Regardless of who is in the White House or how they got there, the presidency has assumed a role out of all proportion to what the Founding Fathers envisioned when they were creating the Constitution. Worse than that, this CEO-worship has permeated every level of political and civic life, so that people feel they can't challenge those at the head of corporations or government departments because it would somehow be 'disloyal'.

(3) Seniors

If NZ was to become a state of the union, its population would increase 10-fold. The newcomers would in the most part be those very people who are at a time of life when they contribute the least to, and demand the most from, an economy. If the prospect of a wave of folks from the Bible Belt with zimmer frames, and on 20 different medications a day, arriving at what they see as an island paradise where the nice natives will be thrilled to have a job taking care of them doesn't scare the hell out of you, it should. I suppose they'll bring their own toilet paper so you don't have to use banana leaves on their sacred botties.
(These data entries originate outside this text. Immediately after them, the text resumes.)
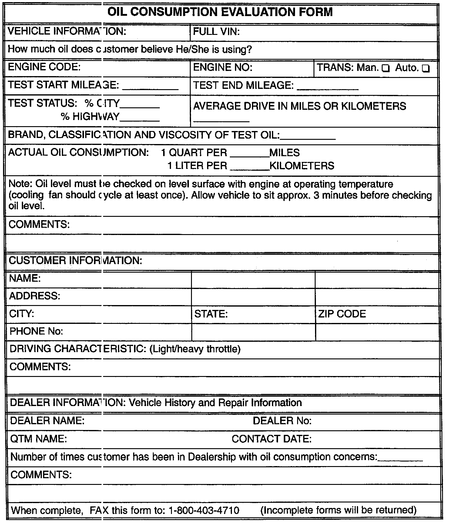 - Make a copy of the oil consumption evaluation form.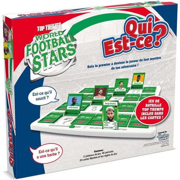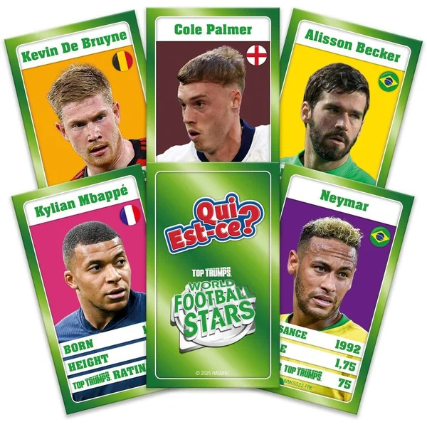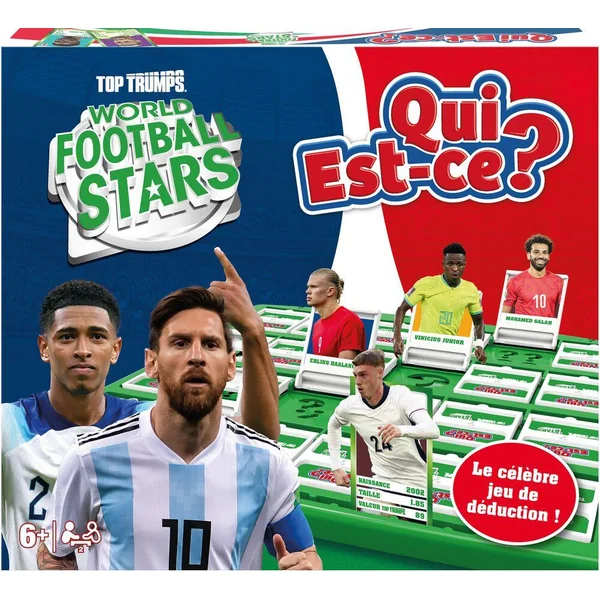 Le célèbre jeu de déduction arrive dans l’univers Wold Football Stars ! Retrouve tes joueurs préférés et tous ses adversaires coéquipiers dans ce QUI EST CE? WORLD FOOTBALL STARS et tente de deviner le personnage mystère que cache ton adversaire. 24 personnages issus des meilleurs clubs t’attendent dans ce jeu de société, tels que Cole Palmer, M’Bappé, Vinicius, Mohammed Salah ou encore De Bruyne. Assure-toi de poser les bonnes questions pour gagner la partie !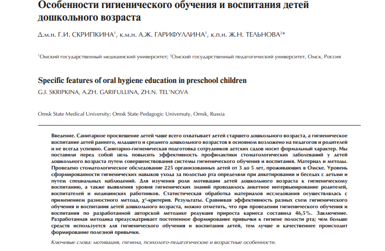 Цель исследования — повышение эффективности профилактики стоматологических заболеваний у детей дошкольного возраста путем совершенствования системы гигиенического обучения и воспитания.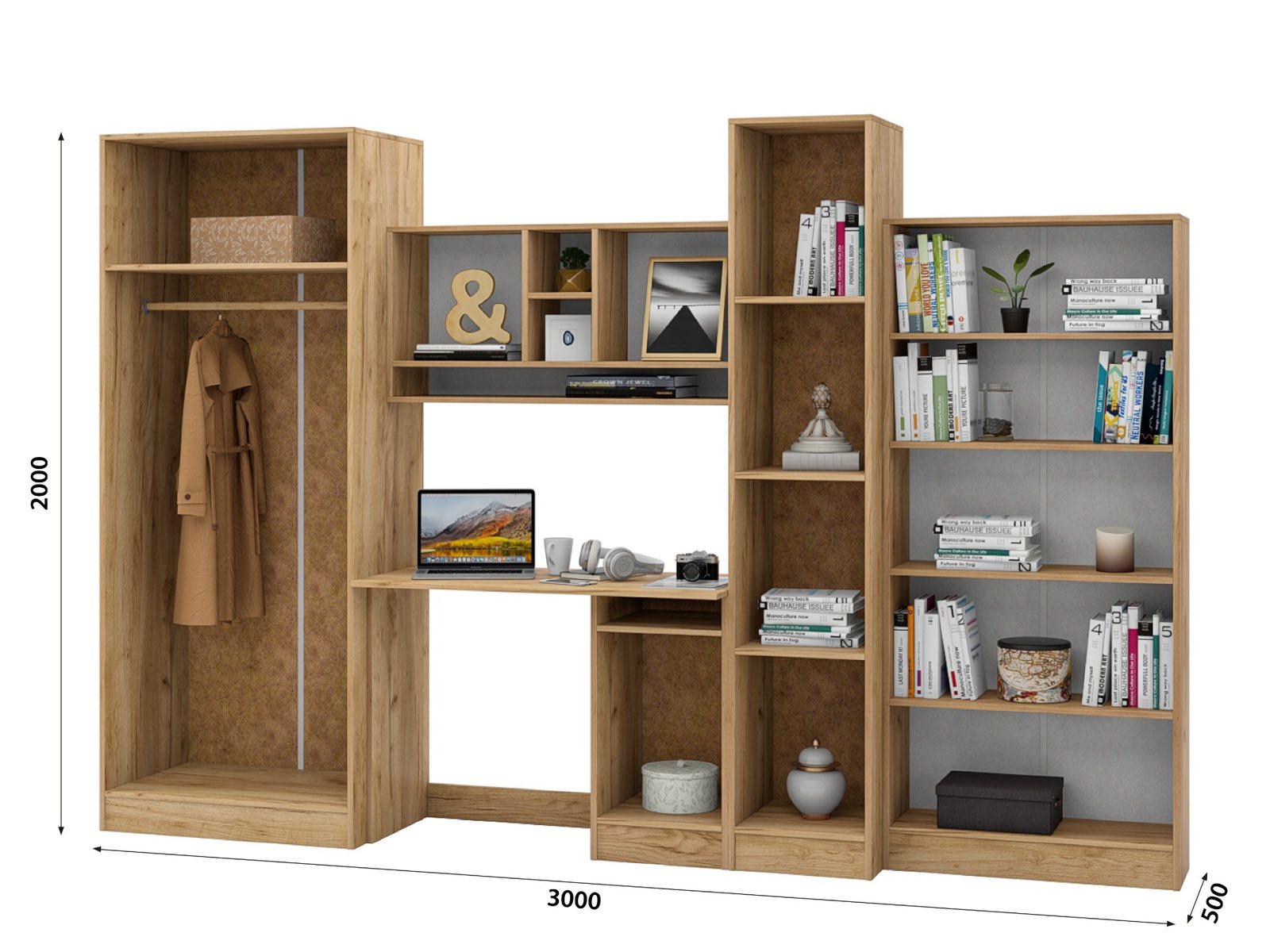 Размер: высота 2000, ширина 3000, глубина 500мм.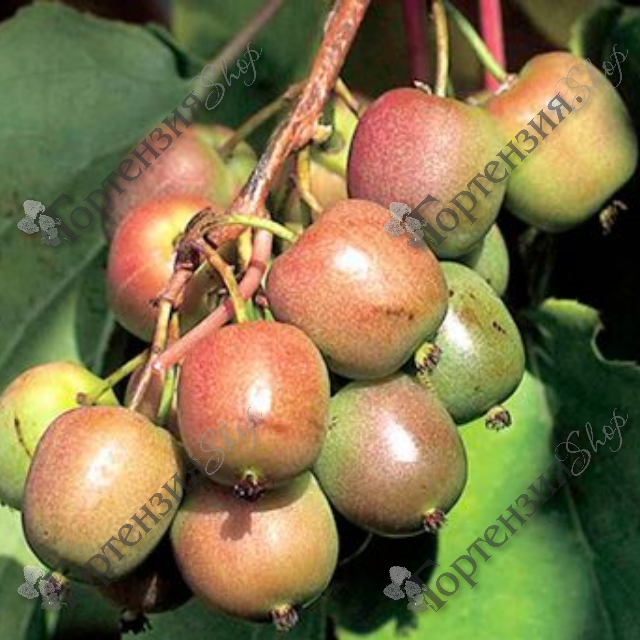 Актинидия аргута в контейнере Р9  (объем 0,5 литра) в ассортименте– одна из самых высоких представительниц рода актинидия. Это многолетняя лиана, ежегодный прирост которой достигает 2-3 м, а длина побегов – до 7 м. Цветки актинидии аргута небольшие, белые или зеленовато-белые, ароматные, собраны в щитковидные соцветия. Плоды актинидии аргута — это маленькие, гладкие, сладкие плоды с прекрасным ароматом, съедобные ягоды, похожие на миниатюрные киви весом 9-12 гр. Они имеют зеленую или красноватую кожицу и сочную, сладкую мякоть с мелкими черными семенами. Плоды обычно созревают в конце лета или начале осени. Растение двудомное, то есть имеет мужские и женские цветки на разных растениях. Для плодоношения необходимо наличие как мужских, так и женских экземпляров. Кроме того, следует помнить, что эта лиана очень красиво цветёт – с приятным, сладким ароматом.  Это съедобный фрукт размером с ягоду или виноград, похожий на киви по вкусу и внешнему виду, но зелёного, коричневатого или фиолетового цвета с гладкой кожицей, иногда с красными пятнами. Актинидия аргута ценится за свои вкусные плоды и декоративные качества. Она относительно неприхотлива в выращивании, предпочитает солнечные или полутенистые места и хорошо дренированную почву. Растению требуется опора, такая как беседка, пергола или стена. В ландшафтном дизайне актинидию аргута используют для озеленения стен, беседок и других вертикальных конструкций. Высокая морозостойкость (до -30°C). Раннее плодоношение (на 3-4 год после посадки).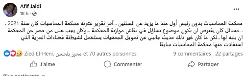 En parallèle, le magistrat Afif Jaidi a publié un message soulignant plusieurs points absents du débat parlementaire. Il rappelle que la Cour des comptes est sans premier président depuis plus de deux ans et que le dernier rapport publié par l’institution date de 2021. Selon lui, ces sujets auraient dû être au cœur des interrogations lors de l’examen du budget de la Cour. Il estime qu’il appartenait aux représentants de la Cour présents à la séance de les signaler. Il déplore qu’« un discours périphérique sur le financement des associations » ait été mis en avant, discours qu’il décrit comme un moyen de « diaboliser des espaces de liberté dont la Cour des comptes avait elle-même bénéficié par le passé ».

(4) Politicisation of law enforcement and investigation

I think 'Kojak' was probably the last cop show I watched on television, so there's no way I can tell if the current shows reflect the way that politics permeates law and order here. Prosecutors like the distict attorney are elected by public vote, and if they get it into their head that they want to run for mayor instead, then you end up with something like San Francisco's current 'fajitagate' - a search term you might want to put in at news.google.com if it hasn't made the international news. The press here seems to think it's a story of police corruption being prosecuted because it suits the political ambitions of the prosecutor to do so.

(5) The Philippines

Q. In February, which former colonial power wiped its botty on the constitution of its former colony? No, the story doesn't involve some European nation and Africa. It's to do with the US military saying it was going to put troops on the ground in the Philippines to actively fight Christianist-kidnapping Islamists in the southern provinces. While the Sydney Morning Herald might have thought the difference between advising troops and fighting alongside them was merely a question of semantics, papers in the Philippines took quite a different view, likening the proposal to US actions in the prelude to the Vietnam War.

Any chance of being an independent voice in the Pacific-Asia region would be lost to New Zealand if it became a US state. Already its independence has to be questioned when the US administration it supports relies so heavily on the "War on Terrorism" as a tool for reshaping not just its domestic political landscape, but that of other nations in the world. If you draw a line from Indonesia in an arc through Asia as far as Turkey you will see it's like a necklace with US-friendly "charms" dotted all along it. Never mind if they're actually US-friendly or just intimidated, occupied, or bought - the aim is for this chain to protect US business interests.

Of course "NZ" won't ever be a United States postal abbreviation. "AU" will be, and NZ will be just one of its districts. Wouldn't want another Cuba sitting off the coast, now would we?